Застава встретила меня самыми мирными и безмятежными звуками — звяканьем ложек по тарелкам. Шёл обед, и дюжина юноволосых парней склонялась над столами, и у каждого второго свисали с груди тяжёлые серебряные медали. Можно было подумать, что это артисты на съёмках фильма о последних днях войны, — так странно было видеть сразу столько награждённых, да к тому же совсем ещё молодых солдат. Не зря же в штабе отряда говорили о лебедевской заставе, как о самой боевой и напряжённой. Нигде не задержали столько нарушителей в этом году, как на здешнем участке.
На белой стене пестрела фреска: знаменитый Волк, держась одной лапой за живот, а другой размахивая ложкой, мчался к раздаточному окну, из которого торчали уши и белый колпак Зайца-повара.
Ни забавная картинка, ни сытный обед ничуть не настраивали на благодушный лад, и ночью, укладываясь на скрипучую железную койку, я прикидывал, каким путём быстрее всего можно добраться до ружейной комнаты.

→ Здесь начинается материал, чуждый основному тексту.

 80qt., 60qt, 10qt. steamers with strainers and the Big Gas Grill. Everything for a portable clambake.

...Короткий посвист — один! — донёсся из кустов багульника, и капитан Лебедев, расстёгивая кобуру, бросился к Гребенникову. Уран, розыскная овчарка, томился на месте и водил носом по земле, как водят пальцем по плохо видным строчкам. Потом нашёл самую пахучую цепочку следов и ринулся вперёд, натягивая повод вместе с рукой хозяина.

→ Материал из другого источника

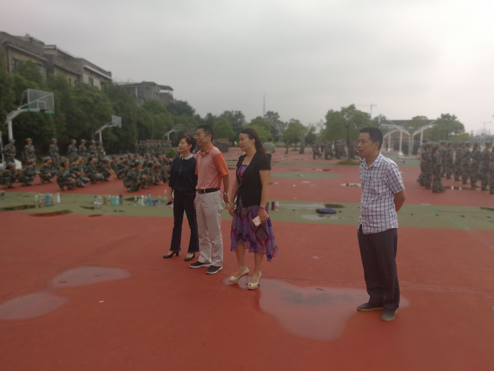 军姿、正步,新生们严格遵守教官的口令,重复着动作。绿茵场上,不仅有教官和队友、有骄阳与风雨,更有老师的陪伴,领导的关怀。20日下午4点,beats365唯一官方网站院长杨永和、党总支书记肖江淑、副院长罗胜杰、党总支副书记黄琴、学办主任连泰对正在训练中的2017级新生进行慰问。

Это была азиатская пытка — бежать по замёрзшему болоту. Пёс петлял меж высоких кочек, жёлтая трава стояла по пояс, и ноги путались в её длинных тонких стеблях, как в силках. Лёд замёрзших разводий, прикрытый травой, предательски скользил на поворотах, и, если бы не высокие кочки, можно было растянуться во весь рост. Порой казалось, что мы бежим по извилистой не дорытой траншее с ледяным дном. Собаки не было видно; только натянутый повод разверзал травяную заросль с бумажным шумом.

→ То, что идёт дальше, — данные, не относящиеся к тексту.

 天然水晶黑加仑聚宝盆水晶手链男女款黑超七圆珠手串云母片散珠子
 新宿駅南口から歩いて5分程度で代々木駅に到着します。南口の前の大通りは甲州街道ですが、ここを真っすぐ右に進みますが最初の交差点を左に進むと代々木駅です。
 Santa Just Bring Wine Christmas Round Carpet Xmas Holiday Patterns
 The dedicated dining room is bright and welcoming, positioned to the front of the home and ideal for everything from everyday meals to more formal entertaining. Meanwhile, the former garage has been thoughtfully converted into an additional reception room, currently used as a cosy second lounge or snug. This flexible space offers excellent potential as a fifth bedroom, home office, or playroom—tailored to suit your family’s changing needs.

Что собака — человек мог бы укрыться под жёлтым султаном любой кочки, как под хорошим пологом! Мы же были на виду с любого берега этого проклятого болота, и, едва поспевая за капитаном, я не мог отделаться от мысли, что мы являем сейчас с ним соблазнительную групповую цель.
Поднялись вспугнутые утки, метнулся из-под ног толстый енот, выпорхнула серо-жёлтая сова...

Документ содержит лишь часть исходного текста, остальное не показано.